Voyager 2’s 1986 flyby mission to Uranus was a landmark event. The mission discovered 10 moons and two new rings around the planet.
Now, almost 40 years later, NASA scientists have discovered part of the puzzle that the original mission missed – a new moon only six miles wide.
A team led by Southwest Research Institute (SwRI) found the image on February 2nd using a near-infrared camera (NirCAM) on the James Webb telescope.
This moon, with a provisional name of S/2025 U1, hasn’t yet received the same treatment as Uranus’s other moons, which are named after Shakespearean characters such as Oberon, Titania, Puck, and Desdemona.
It orbits Uranus, around 35,000 miles from the planet's center, between the moons of Ophelia and Bianca.
The chaos factor
Uranus now has 29 confirmed moons, giving it fewer total moons than Jupiter or Saturn but a higher number of small inner satellites, which have a complicated orbit.
These inner moons interact closely with the planet’s rings, blurring the line between ring particles and full-fledged moons, making Uranus quite a frenzied place.
S/2025 U1 is smaller and fainter than any of Uranus’ previously known satellites, hinting that there could be more untrodden elements.
Each new find helps scientists refine models of Uranus’s formation and supports theories that its system has a violent, collision-driven history.
Secrets of Uranus
The small, irregular moons like S/2025 U1 may be leftover fragments from massive impacts that shaped Uranus’s current moon system.

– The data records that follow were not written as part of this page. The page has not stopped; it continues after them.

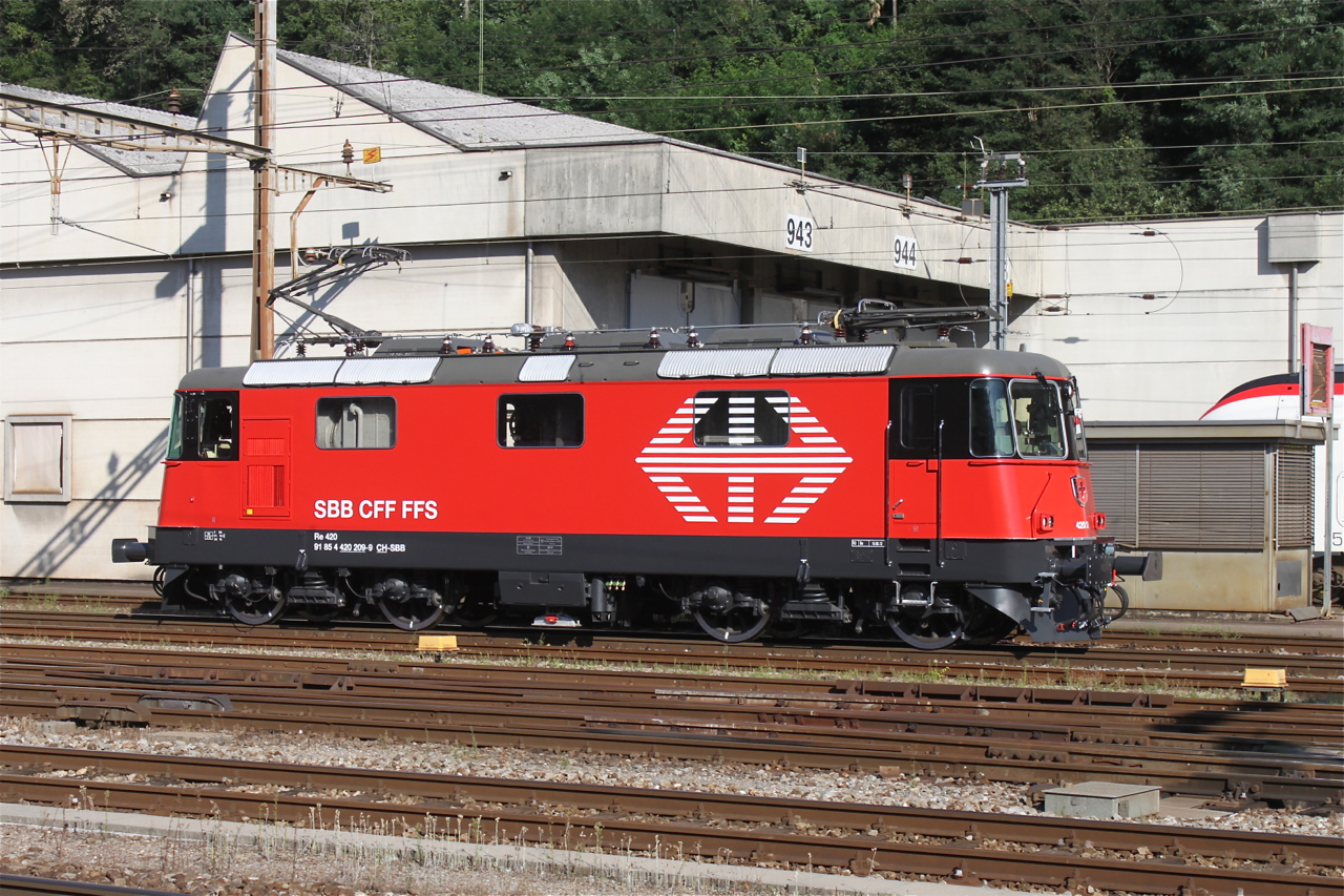 SBB CFF FFS Re 420 209 at Bellinzona.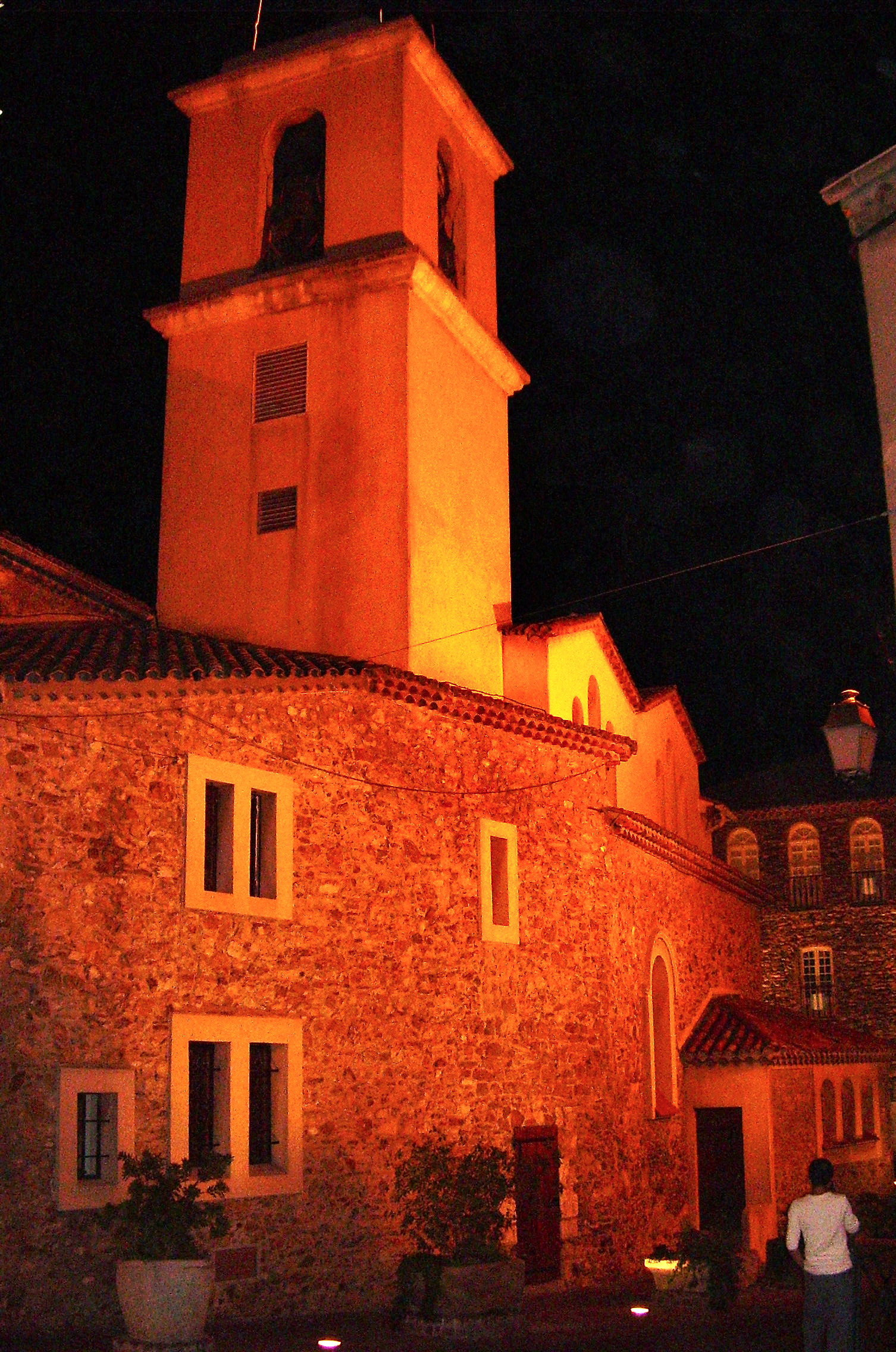 Church of Sainte-Maxime, france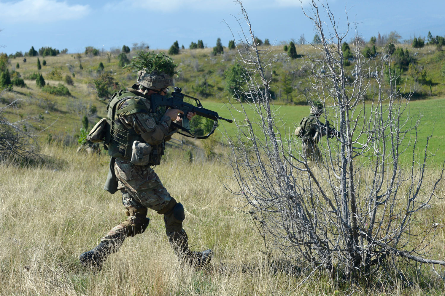 Military Montenegro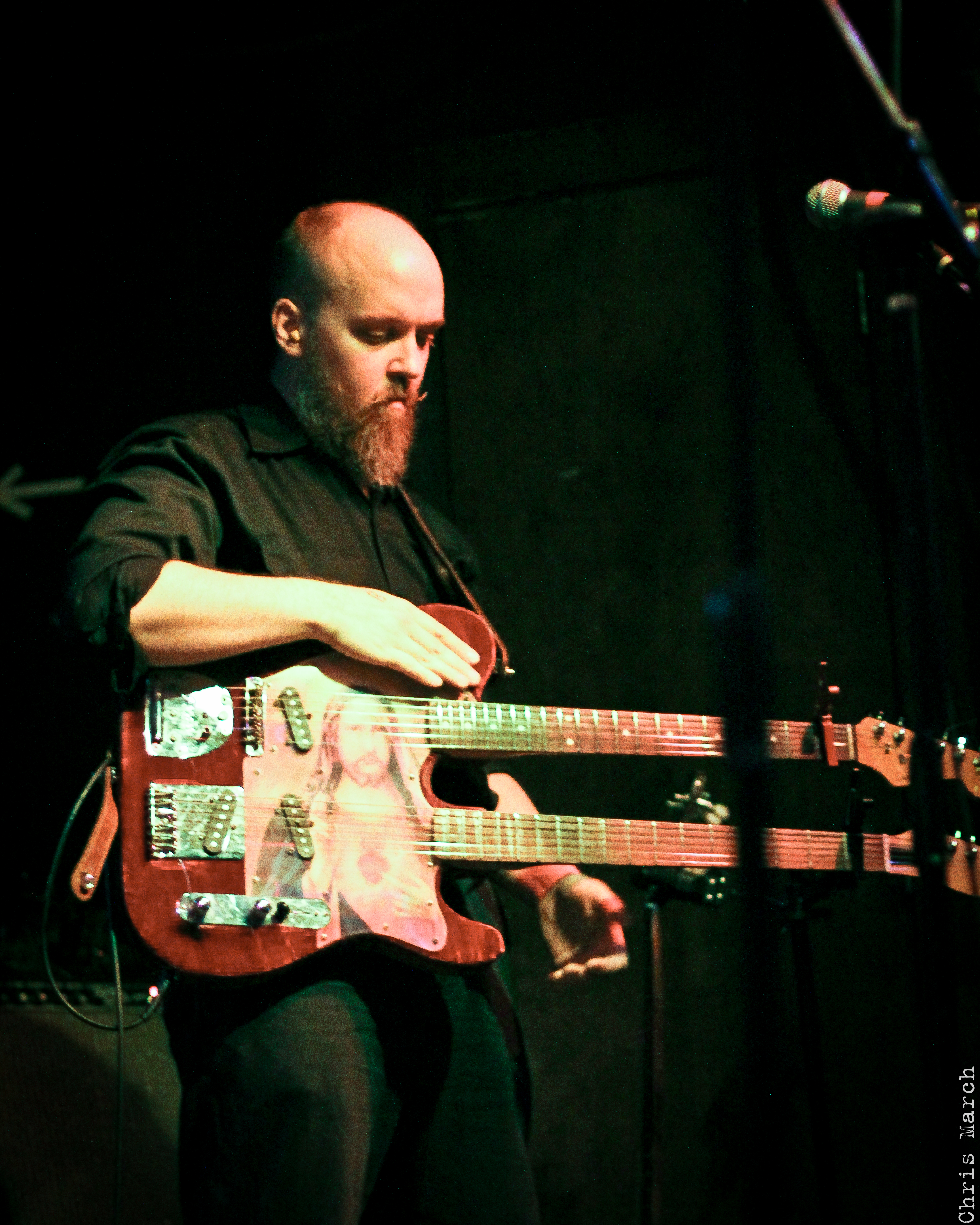 Slim Cessna's Auto Club at Great Scott Nov 7 2011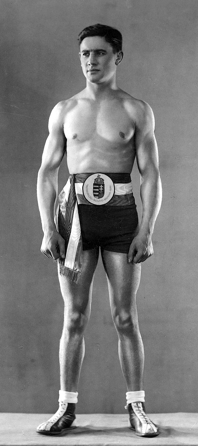 Imre Mándi, five time Hungarian champion boxer, Olympic participant (1936, Berlin)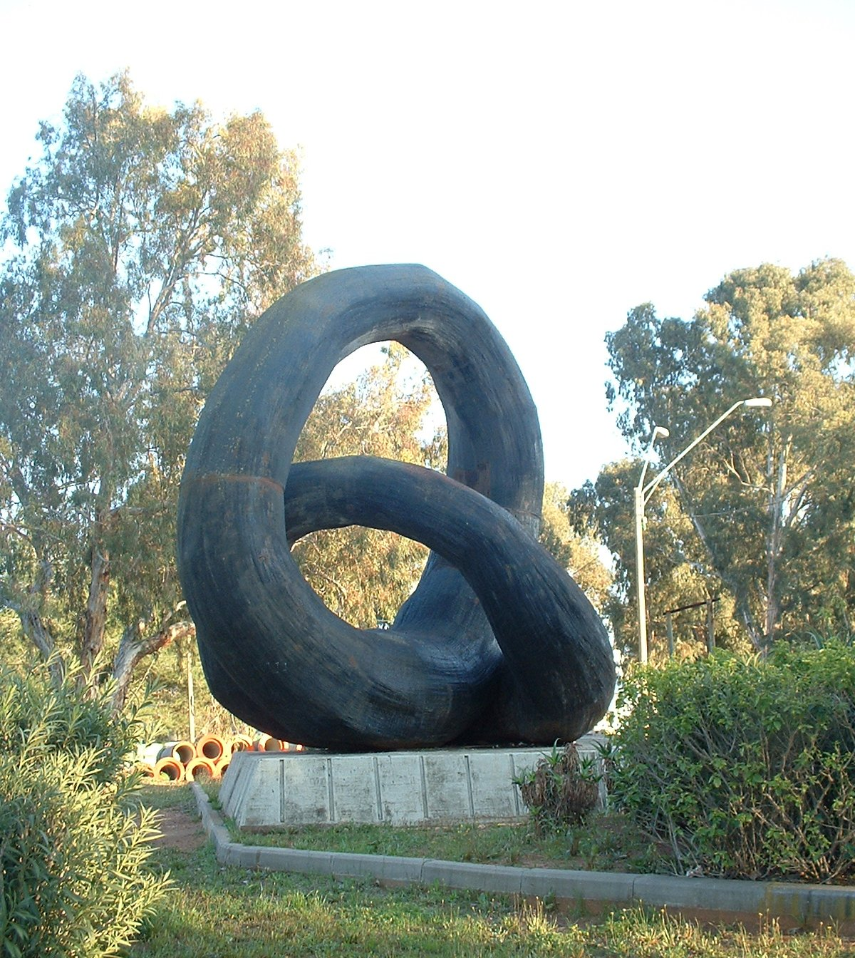 "Mounument to the Link" – "יד לשילוב" – erected to denote the combining in 1969 of two separate local municipalities in Israel – Pardes Hanna and Karkur – into one local municipality, called "Pardes Hanna-Karkur".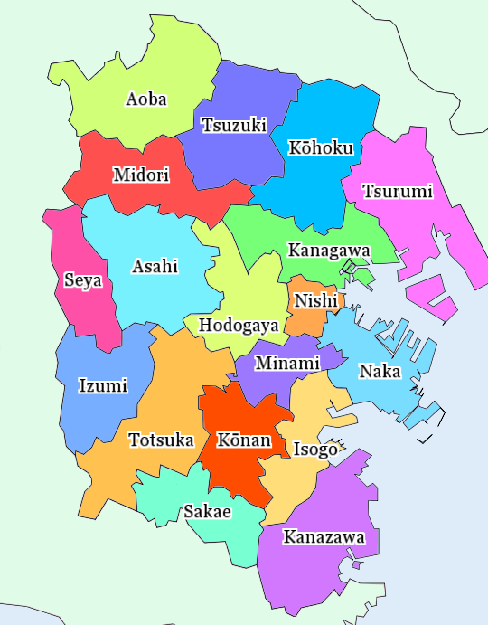 Map of wards of Yokohama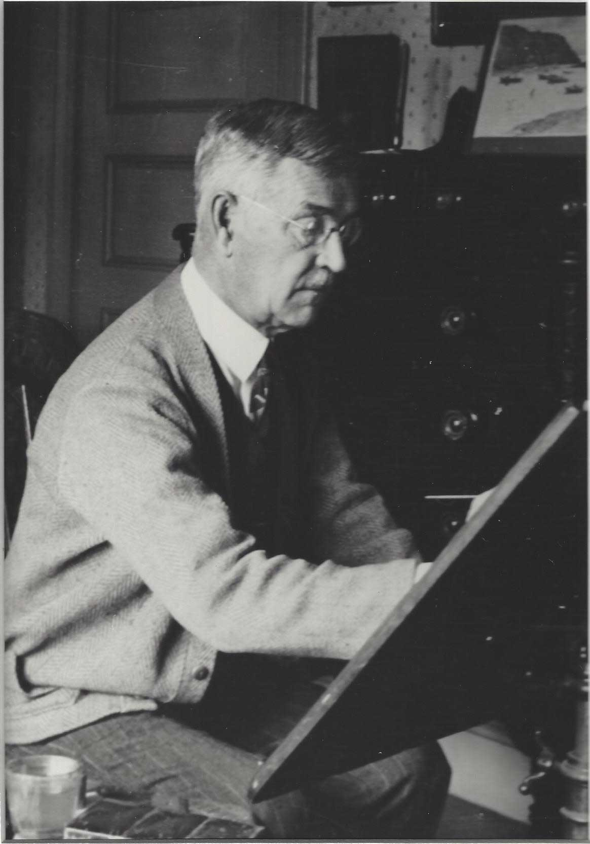 Sears Gallagher drawing at easel

These tiny satellites still influence each other and the rings, creating a dynamic and unpredictable orbital environment.
Studying these moons gives scientists clues about how ice giants like Uranus formed and evolved over billions of years.
Thanks to advanced telescopes like JWST, astronomers can now detect moons that were invisible to past missions, expanding our understanding of Uranus’s complex system.